The chemical equation for the reaction of camphor and sodium borohydride follows:

`\text{Camphor}+NaBH_4\rightarrow \text{Isoborneol}`

As, sodium borohydride is present in excess. It is an excess reagent. So, camphor is the limiting reagent because it limits the formation of products.

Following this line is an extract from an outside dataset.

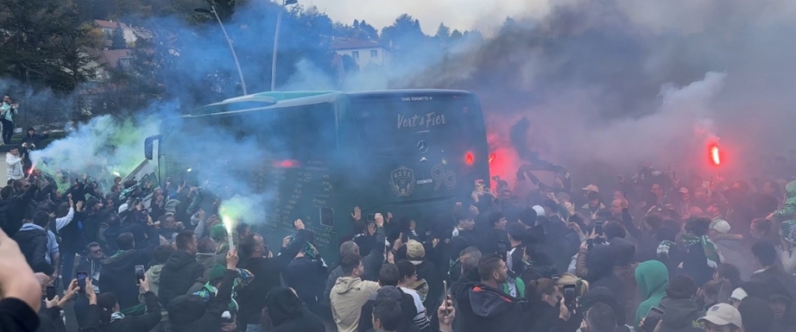 Interdits de déplacement en terre lyonnaise à l'occasion du derby, plus de 2000 supporters stéphanois se sont réunis à L'Étrat pour encourager leur équipe lors du départ du bus.
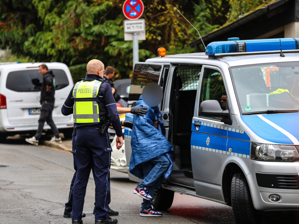 Des policiers conduisent un adolescent vers un fourgon de police. La nouvelle maire élue de Herdecke, Iris Stalzer (SPD), a été retrouvée grièvement blessée dans son appartement. Elle aurait reçu plusieurs coups de couteau, selon les autorités. (© Keystone/DPA/ALEX TALASH)

By Stoichiometry of the reaction:

1 mole of camphor produces 1 mole of isoborneol

So,
`9.85* 10^(-3)mol` of camphor will produce =
`(1)/(1)* 9.85* 10^(-3)mol=9.85* 10^(-3)mol` of isoborneol

• Now, calculating the mass of isoborneol from equation 1, we get:

Molar mass of isoborneol = 154.25 g/mol

Moles of isoborneol =
`9.85* 10^(-3)` moles

Putting values in equation 1, we get:

`9.85* 10^(-3)mol=\frac{\text{Mass of isoborneol}}{154.25g/mol}\\\\\text{Mass of isoborneol}=(9.85* 10^(-3)mol* 154.25g/mol)=1.52g`

• To calculate the percentage yield of isoborneol, we use the equation:

`\%\text{ yield}=\frac{\text{Experimental yield}}{\text{Theoretical yield}}* 100`

Experimental yield of isoborneol = 1.036 g

Theoretical yield of isoborneol = 1.52 g

Putting values in above equation, we get:

`\%\text{ yield of isoborneol}=(1.036g)/(1.52g)* 100\\\\\% \text{yield of isoborneol}=68.16\%`

Hence, the percent yield of the reaction is 68.16 %.